Re: Vinca major or minor?


p.k.peirce@att.net wrote:
> 
> To Alessandra and all,
> 
> I am researching Vinca (major and minor) for a writing project. I have been
> trying to figure out if the one used in antiquity, as in ancient Rome, was
> Vinca major or V. minor, or both. I wondered if the answer is obvious to
> someone who lives in Italy (by the fact that only one is commmonly seen there
> now), or if the historical record reveals which one was grown then and used for
> garlands and wreaths. I have guessed it was V. major, since this one is the
> less hardy. Also because it is the one cited by traditional herbalists, so
> maybe the one first known, but would like to have sounder reasons to decide.
> 
> Any thoughts or information appreciated.
> 
> Pam Peirce,
> San Francisco, CA

This is one of those entertainingly tendentious  questions which leads
one up a gum tree and into a mares nest. The first problem is to work
out when the
classical authors were really writing about Vinca and when they were
referring
to something entirely different. The classical Greek word is "Klematis"
for which
the  Loeb translation of Pliny offers  Convolvolus arvensis  and C
scammonia, also a translation of "Clematis aegyptia" as Vinca minor.
This latter, Pliny claims, is also known as daphnoidies  and
polygonoides.
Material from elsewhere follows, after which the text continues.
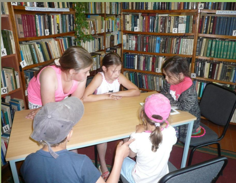
«Говорящая книга». Громкие

However in this instance Pliny may have miscopied
Dioscorides who distinguishes between Klematis (translated as Vinca
Minor in the Gunther/Goodyer edition)  also known as Daphnoides,
Myrsinoides and Polygonides (sic), and Klematis etera (No translation in
Gunther/Goodyer)  which, Dioscorides writes,  some call Epigetis,  ye
Egyptians phylacuum, ye Romans ambuxus. "Ambuxus" appears neither in
Pliny nor in Lewis & Short.  Of the two Anicia juliana-based
illustrations in Dioscorides, with some stretch of the imagination, that
of "Klematis" could be thought to resemble Vinca, but that of "Klematis
etera" could be an Eryngium run over by a cart for all it tells us about
what the plant is 
More clues lie in the 1547 edition of Mattioli who in his commentary on
"Klematis" in Dioscorides, writes "Chiamasi la clematide della prima
descrittione volgarmente in Toscana provenca, di cui usano le donne fa
le ghirlande a i fanciullini e parimente alle virginelle che muiono, (
on which, in her "Medieval English Gardens", Teresa McLean writes about
Periwinkle being used for "death garlands", particularly to crown
criminals en route to execution)  ne
pero retrovare io in questa nota alcuna, che ripugni, ch'ella non sia la
clematide messa nella prima spetie..... and on and on he runs, slagging
off all those he considers to have  misidentified the plant in his
customary fashion.
However, as it takes me an hour with a dictionary to work out what
exactly he is writing about, I will leave it to Alessandra to fill in
the gaps.What is significant is that the illustrations are infinitely
better than in Gunther/Goodyer, so that the first is clearly a vinca and
the second, as Mattioli points out, is equally clearly Clematis vitalba.
Odd that neither Pliny, at a superficial glance, at least, mentions
Vinca in his chapter  on garland making (though Farrer in her
"Ancient Roman Gardens" suggests I might have missed it) nor does Cato.
Riddle of North Carolina, one of the world experts on Diosorides, in his
paper "Ancient & Medieval chemotherapy, seems to be alone
in identifying Dioscorides Klematis as Vinca major. "Petit pervanche"
appears in a great many medieval French paintings but then translators
and art
historians seem to have taken it for granted that all Pervanche are
petit and there are no big ones. From Albertus Magnus "Semperviva
dicitur alio nomine pervinca" which adds a further dimension to the
confusion....well that was fun and now the rain's stopped, I had better
go and do something more constructive. Hope it's given you, if not a
pointer in the right direction, some different directions to follow up.